[Stored data entries]

++++++

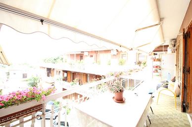 Gli infissi in legno con persiane e vetro semplice offrono un'ottima luminosità e comfort negli ambienti ben disposti caratterizzati da : salone, due camere, cucina abitabile, un bagno, una lavanderia con servizio.
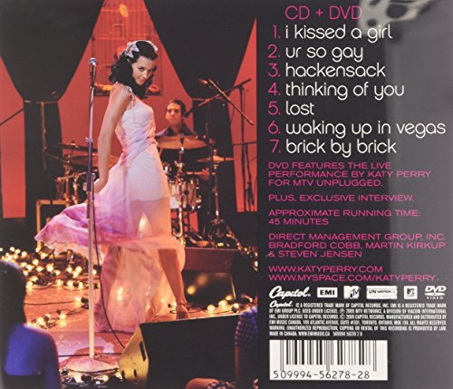 Details: Deluxe CD/DVD pressing of this 2009 release containing stripped down versions of her hits with the addition of strings and brass on select tracks. Katy Perry goes back to her acoustic singer/songwriter roots on MTV's legendary Unplugged series. See (and hear) the multi-platinum Pop/Rock superstar as you've never seen her before, performing her #1 hit singles 'I Kissed A Girl' and 'Waking Up In Vegas' plus 'Thinking Of You', 'Ur So Gay' and 'Lost'. Also includes two additional tracks: a cover of Fountains Of Wayne's 'Hackensack' and the never before released track 'Brick By Brick'.
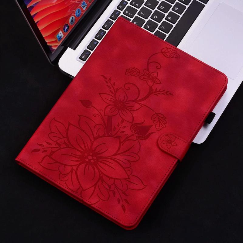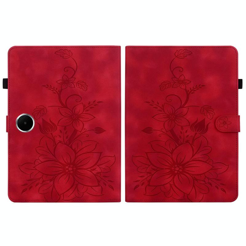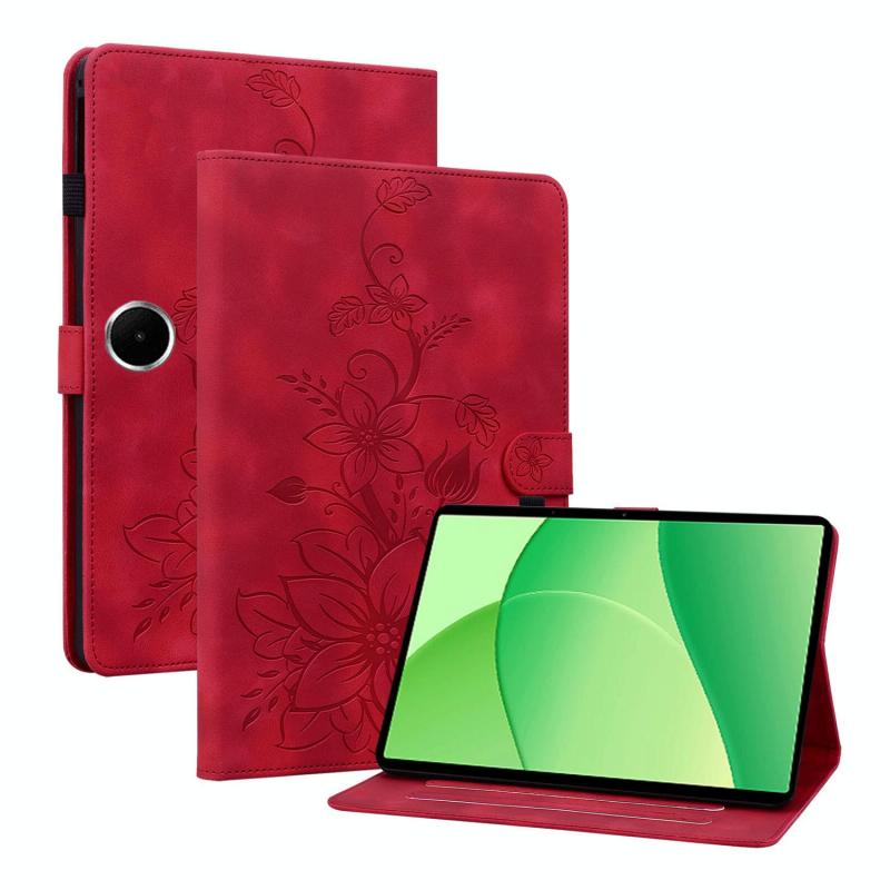 For OPPO Pad SE 11 inch Lily Embossed Leather Tablet Case(Red)
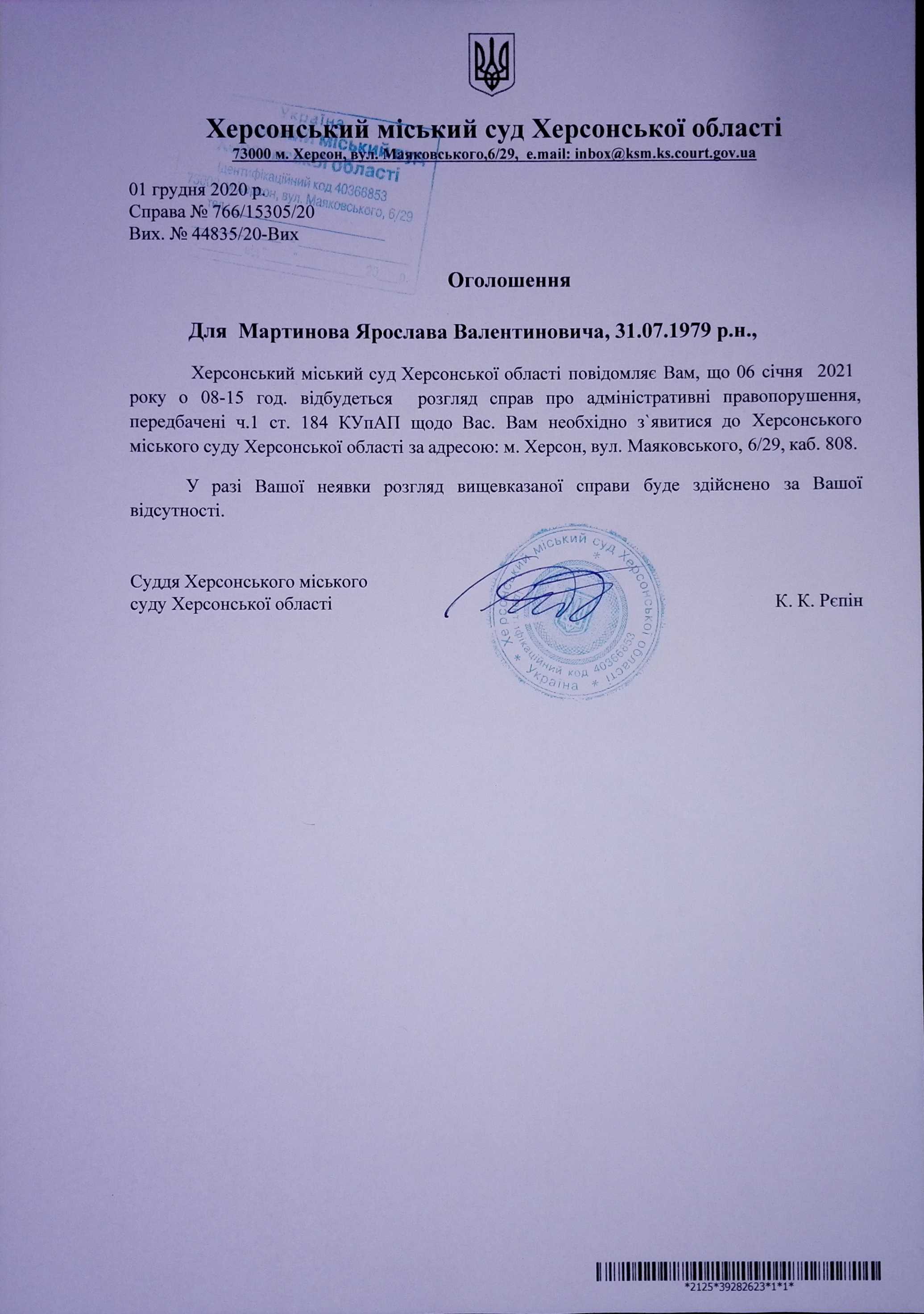 ОГОЛОШЕННЯ для Мартинова Ярослава Валентиновича
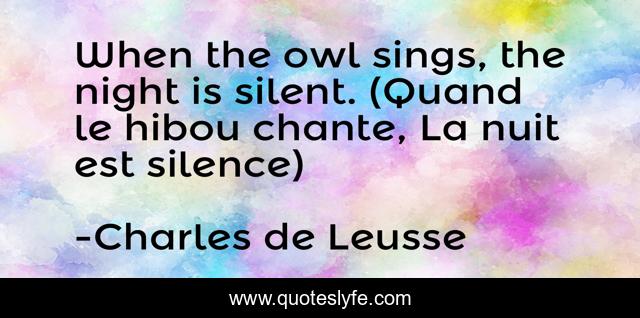 This page presents the quote "When the owl sings, the night is silent. (Quand le hibou chante, La nuit est silence)". Author of this quote is Charles de Leusse. This quote is about owl, hibou, silent, nuit, night, silence,.
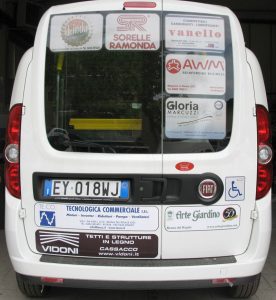 Gli sponsor hanno permesso di ottenere un veicolo attrezzato per la mobilità di cittadini non autosufficienti attraverso le inserzioni pubblicitarie apposte sulla carrozzeria del mezzo.
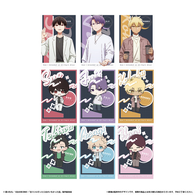 今回開催する【TVアニメ「合コンに行ったら女がいなかった話」POP UP SHOP in TOWER RECORDS】では、本ポップアップショップのために描き下ろした新規イラストが登場。このイラストを使用した缶バッジやアクリルスタンドなどを多数先行販売します。また期間中ポップアップショップ3店舗にて対象商品を税込3,300円以上ご購入の方には、限定特典ポストカードを先着で差し上げます。
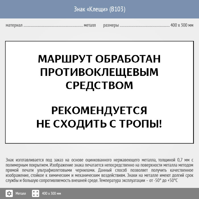 Знак изготавливается под заказ на основе оцинкованного нержавеющего металла, толщиной 0,7 мм с полимерным покрытием. Изображение знака печатается непосредственно на поверхности металла методом прямой печати ультрафиолетовыми чернилами. Данный способ позволяет получить качественное изображение, стойкое к химическим и механическим воздействиям. Знаки на металле имеют долгий срок службы и большую сопротивляемость внешней среде. Температура эксплуатации – от -50° до +50°С
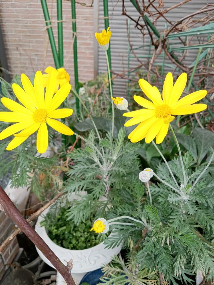過去のpicを観ていたら、ユリオプスデージーは4月5月12月1月と咲いているようです…今年の冬は気温が低くても、乾燥が激しく冬なのに鉢植えの植物の土は、直ぐにカラカラしています、2日に1回位水撒きしてて、冬なのに大変です〜人間も乾燥状態、お肌も気を付けて下さい😊

++++++

**Task details**
Every line of the records above should be copied exactly, while the pictures are left behind.

**Task response**
 Gli infissi in legno con persiane e vetro semplice offrono un'ottima luminosità e comfort negli ambienti ben disposti caratterizzati da : salone, due camere, cucina abitabile, un bagno, una lavanderia con servizio.
 Details: Deluxe CD/DVD pressing of this 2009 release containing stripped down versions of her hits with the addition of strings and brass on select tracks. Katy Perry goes back to her acoustic singer/songwriter roots on MTV's legendary Unplugged series. See (and hear) the multi-platinum Pop/Rock superstar as you've never seen her before, performing her #1 hit singles 'I Kissed A Girl' and 'Waking Up In Vegas' plus 'Thinking Of You', 'Ur So Gay' and 'Lost'. Also includes two additional tracks: a cover of Fountains Of Wayne's 'Hackensack' and the never before released track 'Brick By Brick'.
 For OPPO Pad SE 11 inch Lily Embossed Leather Tablet Case(Red)
 ОГОЛОШЕННЯ для Мартинова Ярослава Валентиновича
 This page presents the quote "When the owl sings, the night is silent. (Quand le hibou chante, La nuit est silence)". Author of this quote is Charles de Leusse. This quote is about owl, hibou, silent, nuit, night, silence,.
 Gli sponsor hanno permesso di ottenere un veicolo attrezzato per la mobilità di cittadini non autosufficienti attraverso le inserzioni pubblicitarie apposte sulla carrozzeria del mezzo.
 今回開催する【TVアニメ「合コンに行ったら女がいなかった話」POP UP SHOP in TOWER RECORDS】では、本ポップアップショップのために描き下ろした新規イラストが登場。このイラストを使用した缶バッジやアクリルスタンドなどを多数先行販売します。また期間中ポップアップショップ3店舗にて対象商品を税込3,300円以上ご購入の方には、限定特典ポストカードを先着で差し上げます。
 Знак изготавливается под заказ на основе оцинкованного нержавеющего металла, толщиной 0,7 мм с полимерным покрытием. Изображение знака печатается непосредственно на поверхности металла методом прямой печати ультрафиолетовыми чернилами. Данный способ позволяет получить качественное изображение, стойкое к химическим и механическим воздействиям. Знаки на металле имеют долгий срок службы и большую сопротивляемость внешней среде. Температура эксплуатации – от -50° до +50°С
過去のpicを観ていたら、ユリオプスデージーは4月5月12月1月と咲いているようです…今年の冬は気温が低くても、乾燥が激しく冬なのに鉢植えの植物の土は、直ぐにカラカラしています、2日に1回位水撒きしてて、冬なのに大変です〜人間も乾燥状態、お肌も気を付けて下さい😊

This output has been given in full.